• [Goal of the exercise]
Find where "Werbung aus dem" appears in the entries below. That line and all lines after it, through the last, are to be duplicated exactly, with nothing else.

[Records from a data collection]

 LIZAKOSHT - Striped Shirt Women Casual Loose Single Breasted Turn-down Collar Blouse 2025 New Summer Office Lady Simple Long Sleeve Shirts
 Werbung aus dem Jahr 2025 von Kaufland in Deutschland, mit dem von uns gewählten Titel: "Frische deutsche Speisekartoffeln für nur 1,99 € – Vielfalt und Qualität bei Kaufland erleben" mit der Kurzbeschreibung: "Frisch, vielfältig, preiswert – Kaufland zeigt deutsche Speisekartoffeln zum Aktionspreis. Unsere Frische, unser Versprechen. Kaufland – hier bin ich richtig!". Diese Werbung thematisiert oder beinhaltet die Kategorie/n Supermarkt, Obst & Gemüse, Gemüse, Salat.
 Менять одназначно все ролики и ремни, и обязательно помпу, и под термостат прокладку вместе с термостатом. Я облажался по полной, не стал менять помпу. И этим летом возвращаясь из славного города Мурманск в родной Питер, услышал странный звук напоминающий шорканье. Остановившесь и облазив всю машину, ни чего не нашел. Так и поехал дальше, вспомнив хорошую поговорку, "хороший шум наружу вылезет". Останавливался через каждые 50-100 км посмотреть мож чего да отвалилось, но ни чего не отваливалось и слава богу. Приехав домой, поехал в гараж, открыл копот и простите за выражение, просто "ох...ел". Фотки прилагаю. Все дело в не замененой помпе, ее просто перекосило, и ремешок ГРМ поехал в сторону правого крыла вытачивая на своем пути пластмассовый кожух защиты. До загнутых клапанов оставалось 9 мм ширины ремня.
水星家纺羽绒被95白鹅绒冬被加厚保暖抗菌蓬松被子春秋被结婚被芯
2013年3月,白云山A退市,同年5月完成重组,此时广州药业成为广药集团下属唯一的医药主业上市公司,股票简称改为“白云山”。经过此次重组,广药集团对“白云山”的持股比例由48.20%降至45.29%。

• [Written solution]
 Werbung aus dem Jahr 2025 von Kaufland in Deutschland, mit dem von uns gewählten Titel: "Frische deutsche Speisekartoffeln für nur 1,99 € – Vielfalt und Qualität bei Kaufland erleben" mit der Kurzbeschreibung: "Frisch, vielfältig, preiswert – Kaufland zeigt deutsche Speisekartoffeln zum Aktionspreis. Unsere Frische, unser Versprechen. Kaufland – hier bin ich richtig!". Diese Werbung thematisiert oder beinhaltet die Kategorie/n Supermarkt, Obst & Gemüse, Gemüse, Salat.
 Менять одназначно все ролики и ремни, и обязательно помпу, и под термостат прокладку вместе с термостатом. Я облажался по полной, не стал менять помпу. И этим летом возвращаясь из славного города Мурманск в родной Питер, услышал странный звук напоминающий шорканье. Остановившесь и облазив всю машину, ни чего не нашел. Так и поехал дальше, вспомнив хорошую поговорку, "хороший шум наружу вылезет". Останавливался через каждые 50-100 км посмотреть мож чего да отвалилось, но ни чего не отваливалось и слава богу. Приехав домой, поехал в гараж, открыл копот и простите за выражение, просто "ох...ел". Фотки прилагаю. Все дело в не замененой помпе, ее просто перекосило, и ремешок ГРМ поехал в сторону правого крыла вытачивая на своем пути пластмассовый кожух защиты. До загнутых клапанов оставалось 9 мм ширины ремня.
水星家纺羽绒被95白鹅绒冬被加厚保暖抗菌蓬松被子春秋被结婚被芯
2013年3月,白云山A退市,同年5月完成重组,此时广州药业成为广药集团下属唯一的医药主业上市公司,股票简称改为“白云山”。经过此次重组,广药集团对“白云山”的持股比例由48.20%降至45.29%。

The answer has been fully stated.